Hands-on review: LTD George Lynch Kamikaze

(John Gorbe | Posted 2011-07-28)

Hands-on review: LTD George Lynch Kamikaze

When you think of George Lynch there a couple of guitars that come to mind. He has been associated with ESP guitars since his Dokken days and the wild, custom painted themes on the bodies of his guitars were always a stand out. One instrument comes to mind when I think of Lynch’s instruments: the Kamikaze.

I had a chance to test drive the GL200 Kamikaze, and here are my first impressions. If you’re a Lynch fan, you’ll find this review of interest. If you’re looking for a metal guitar, you’ll also find this of interest! Let’s start with the nuts and bolts of the GL200K…

This guitar features a basswood body, maple neck mated to a rosewood fingerboard, GL original U-neck contour, bolt-on construction, 43mm locking nut, Floyd Rose Special tremolo, 22 extra jumbo frets, black nickel hardware, ESP tuners, ESP LS150 bridge pickup, ESP LS-120 neck pickup, master volume with push/pull pickup selector, and a 25.5” scale.

The GL-200K played very nice thanks to the satin finish maple neck. My thumb didn’t feel any resistance as I played up and down the fingerboard. The extra jumbo frets were neatly dressed as well and I didn’t snag my hand on one rough edge on the side of the fingerboard. Usually on guitars in this price range, if the neck is not bound I will feel the frets somewhere along the fingerboard’s edge.

The tremolo is a Floyd Rose Special. Now, I’m not a big fan of Floyd Rose trems but I put this one to the test and it did a nice job of keeping the guitar in check. The fine tuners also did a nice job of bringing it back in tune when it did slip slightly.

There is only one knob to control the electronics on the GL200K. It features a master volume for the neck and bridge pickup and a push/pull design to switch between them. Of course, if you’re buying this guitar you will use the bridge humbucker more often than not, so when the knob is down the bridge is engaged – up position and the neck is engaged. I like the idea of a separate selector or toggle for this application as I think this push/pull system would slow me down in a performance setting - maybe not. It just seems like I’d be thinking more about having to pull the knob up to activate the neck. It does take a good pull to toggle between pickups and I don’t feel a solid “click” when I do so. Due to the push/pull also being somewhat sloppy it leaves me a slight tainted in my overall feel of the electronics. This could mean nothing as only a long road trip on this guitar will reveal it’s quality, but this is my first impression.

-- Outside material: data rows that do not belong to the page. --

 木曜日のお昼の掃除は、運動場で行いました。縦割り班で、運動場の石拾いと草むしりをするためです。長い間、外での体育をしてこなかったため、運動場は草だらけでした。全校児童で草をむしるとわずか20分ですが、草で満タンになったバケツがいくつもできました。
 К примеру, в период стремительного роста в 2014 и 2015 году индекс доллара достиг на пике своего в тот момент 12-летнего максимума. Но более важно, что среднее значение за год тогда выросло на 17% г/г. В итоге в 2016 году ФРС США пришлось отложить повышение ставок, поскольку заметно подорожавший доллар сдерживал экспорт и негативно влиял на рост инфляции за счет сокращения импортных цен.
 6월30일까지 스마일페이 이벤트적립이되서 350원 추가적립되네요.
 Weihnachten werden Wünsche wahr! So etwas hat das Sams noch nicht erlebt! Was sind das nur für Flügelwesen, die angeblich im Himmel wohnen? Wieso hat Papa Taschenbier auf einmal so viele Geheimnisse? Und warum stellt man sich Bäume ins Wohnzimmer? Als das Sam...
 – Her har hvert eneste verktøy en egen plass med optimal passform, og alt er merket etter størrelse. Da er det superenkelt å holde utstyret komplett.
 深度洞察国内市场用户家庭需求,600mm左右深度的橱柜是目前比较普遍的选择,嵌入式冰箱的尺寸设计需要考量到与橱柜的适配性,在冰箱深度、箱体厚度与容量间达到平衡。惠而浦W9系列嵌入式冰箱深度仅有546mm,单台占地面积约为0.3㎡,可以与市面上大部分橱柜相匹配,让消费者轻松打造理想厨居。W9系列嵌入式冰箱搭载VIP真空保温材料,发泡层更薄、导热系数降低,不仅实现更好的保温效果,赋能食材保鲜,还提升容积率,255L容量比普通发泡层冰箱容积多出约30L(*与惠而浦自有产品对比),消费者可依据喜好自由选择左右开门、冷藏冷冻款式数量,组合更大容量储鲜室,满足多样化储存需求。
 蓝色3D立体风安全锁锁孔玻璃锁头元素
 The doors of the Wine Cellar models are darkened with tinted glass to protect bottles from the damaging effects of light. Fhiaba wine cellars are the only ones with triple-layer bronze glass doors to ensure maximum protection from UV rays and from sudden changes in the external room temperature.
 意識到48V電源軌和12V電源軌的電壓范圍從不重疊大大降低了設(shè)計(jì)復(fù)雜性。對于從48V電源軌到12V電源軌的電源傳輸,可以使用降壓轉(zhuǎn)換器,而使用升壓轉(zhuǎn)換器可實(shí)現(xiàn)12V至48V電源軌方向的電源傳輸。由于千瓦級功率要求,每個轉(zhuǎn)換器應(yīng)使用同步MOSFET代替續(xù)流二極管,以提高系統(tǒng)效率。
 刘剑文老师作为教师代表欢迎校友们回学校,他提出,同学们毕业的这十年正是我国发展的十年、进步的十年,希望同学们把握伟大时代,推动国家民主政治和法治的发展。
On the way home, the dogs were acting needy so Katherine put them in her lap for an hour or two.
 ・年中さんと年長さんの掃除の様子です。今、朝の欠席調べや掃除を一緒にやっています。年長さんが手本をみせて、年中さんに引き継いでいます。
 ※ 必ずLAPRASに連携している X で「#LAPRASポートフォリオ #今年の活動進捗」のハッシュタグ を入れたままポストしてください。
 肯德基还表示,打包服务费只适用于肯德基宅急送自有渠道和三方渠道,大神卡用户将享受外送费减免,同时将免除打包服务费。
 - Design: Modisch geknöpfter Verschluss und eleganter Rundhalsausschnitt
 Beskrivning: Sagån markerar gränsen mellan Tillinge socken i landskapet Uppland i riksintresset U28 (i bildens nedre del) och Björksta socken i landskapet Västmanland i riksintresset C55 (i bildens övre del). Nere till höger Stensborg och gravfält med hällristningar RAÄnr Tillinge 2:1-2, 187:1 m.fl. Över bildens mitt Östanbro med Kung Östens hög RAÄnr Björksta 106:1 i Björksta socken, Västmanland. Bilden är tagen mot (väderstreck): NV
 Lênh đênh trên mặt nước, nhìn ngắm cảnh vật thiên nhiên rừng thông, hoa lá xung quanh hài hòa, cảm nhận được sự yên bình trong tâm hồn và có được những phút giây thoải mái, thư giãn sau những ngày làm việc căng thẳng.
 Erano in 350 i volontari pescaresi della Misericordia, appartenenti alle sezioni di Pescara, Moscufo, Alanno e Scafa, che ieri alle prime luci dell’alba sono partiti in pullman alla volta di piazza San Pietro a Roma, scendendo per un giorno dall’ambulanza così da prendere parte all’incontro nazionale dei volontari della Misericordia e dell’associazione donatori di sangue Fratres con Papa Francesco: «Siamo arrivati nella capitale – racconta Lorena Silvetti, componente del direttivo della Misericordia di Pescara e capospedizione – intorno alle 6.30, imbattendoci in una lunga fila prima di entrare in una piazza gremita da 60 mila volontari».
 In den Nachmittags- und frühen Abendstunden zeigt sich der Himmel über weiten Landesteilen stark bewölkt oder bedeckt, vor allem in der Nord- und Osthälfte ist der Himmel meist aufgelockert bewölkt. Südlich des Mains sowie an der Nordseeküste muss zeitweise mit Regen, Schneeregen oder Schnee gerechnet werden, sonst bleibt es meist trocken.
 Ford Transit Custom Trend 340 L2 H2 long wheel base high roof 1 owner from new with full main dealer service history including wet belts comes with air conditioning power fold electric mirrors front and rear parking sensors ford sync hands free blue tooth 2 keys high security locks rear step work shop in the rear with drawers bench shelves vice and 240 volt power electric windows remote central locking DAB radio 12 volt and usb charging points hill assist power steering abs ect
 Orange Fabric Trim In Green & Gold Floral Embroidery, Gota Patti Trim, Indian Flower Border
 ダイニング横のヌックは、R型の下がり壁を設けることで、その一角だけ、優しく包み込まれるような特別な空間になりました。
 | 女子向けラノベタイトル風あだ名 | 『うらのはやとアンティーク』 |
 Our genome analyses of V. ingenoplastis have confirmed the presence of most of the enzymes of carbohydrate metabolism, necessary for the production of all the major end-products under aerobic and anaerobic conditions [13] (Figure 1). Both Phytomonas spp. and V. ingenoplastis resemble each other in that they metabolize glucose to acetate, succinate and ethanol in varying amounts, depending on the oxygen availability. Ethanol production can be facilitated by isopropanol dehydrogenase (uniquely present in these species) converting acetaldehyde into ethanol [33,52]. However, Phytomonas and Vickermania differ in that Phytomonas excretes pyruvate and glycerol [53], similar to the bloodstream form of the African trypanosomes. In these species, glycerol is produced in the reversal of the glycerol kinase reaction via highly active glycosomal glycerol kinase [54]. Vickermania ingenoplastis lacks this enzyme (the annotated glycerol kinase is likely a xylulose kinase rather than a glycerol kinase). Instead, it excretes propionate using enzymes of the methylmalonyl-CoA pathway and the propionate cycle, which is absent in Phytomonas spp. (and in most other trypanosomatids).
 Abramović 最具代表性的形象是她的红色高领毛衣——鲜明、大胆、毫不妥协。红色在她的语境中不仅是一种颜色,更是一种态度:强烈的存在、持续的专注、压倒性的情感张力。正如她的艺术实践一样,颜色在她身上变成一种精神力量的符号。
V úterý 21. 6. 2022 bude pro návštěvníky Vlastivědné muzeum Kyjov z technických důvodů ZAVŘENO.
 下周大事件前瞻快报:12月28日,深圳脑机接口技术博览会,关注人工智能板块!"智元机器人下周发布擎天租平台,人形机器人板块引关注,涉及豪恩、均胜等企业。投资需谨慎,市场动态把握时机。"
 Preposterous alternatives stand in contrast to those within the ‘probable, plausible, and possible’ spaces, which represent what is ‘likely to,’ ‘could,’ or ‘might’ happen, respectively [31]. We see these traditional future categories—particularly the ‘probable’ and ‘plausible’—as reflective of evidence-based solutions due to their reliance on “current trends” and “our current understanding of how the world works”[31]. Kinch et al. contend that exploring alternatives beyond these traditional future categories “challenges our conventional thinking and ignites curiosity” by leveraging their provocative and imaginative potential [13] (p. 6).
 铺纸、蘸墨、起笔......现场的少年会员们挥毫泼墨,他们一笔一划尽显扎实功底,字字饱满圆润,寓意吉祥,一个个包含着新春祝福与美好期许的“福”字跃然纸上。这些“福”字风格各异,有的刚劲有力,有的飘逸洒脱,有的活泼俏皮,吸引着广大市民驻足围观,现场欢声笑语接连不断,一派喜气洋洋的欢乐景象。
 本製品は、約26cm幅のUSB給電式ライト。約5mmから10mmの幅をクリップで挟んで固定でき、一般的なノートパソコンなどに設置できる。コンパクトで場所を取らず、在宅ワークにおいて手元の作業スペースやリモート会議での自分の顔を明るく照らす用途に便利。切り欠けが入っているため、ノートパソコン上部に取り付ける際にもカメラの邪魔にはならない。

The LS-120 neck pickup has a nice bright tone that is reminiscent of a Strat. I liked the way this guitar sounded clean playing in every register of the fingerboard. I was playing some blues lines and some other ideas that I probably shouldn’t have been playing on a guitar like this without the hard rock police arresting me…but it sounded good! I flipped to the LH-150 bridge pickup and honestly, couldn’t wait to throw some dirt on my sound because it was so shrill to my ear. This guitar needs distortion on the bridge pickup. So I stomped on my Maxon RTD800 and gave it what it craved…the pickup sounded much better and was finally at home. This guitar was popping harmonics all over the place and I understood why it craved the dirt! I left the EQ flat on the amp and just ran it as it was and got a perfect metal tone. The output of the LH-150 was pretty hot – definitely a few dB boost over the LS-120 in the neck.

Overall, there’s not much to complain about at this price point. I noticed what looked to be some glue residue found on the side of the headstock. I also noticed upon further inspection, some paint overflow onto the fingerboard directly behind the nut and a slightly rough edge where the paint borders the headstock just below the high “E” tuner. These are areas that the beginner to intermediate player may not notice and these flaws are tucked away to an extent from the eye and to an audience. The quality and craftsmanship is where it should be if not higher for a guitar in this price range.

The Bottom Line
If you’re looking for a guitar to handle heavy styles of music and need a locking tremolo, you need to consider the GL200K. It’s great for the intermediate player or even a more advanced player looking for a second guitar for stage work. The GL200K retails for $499.00 USD.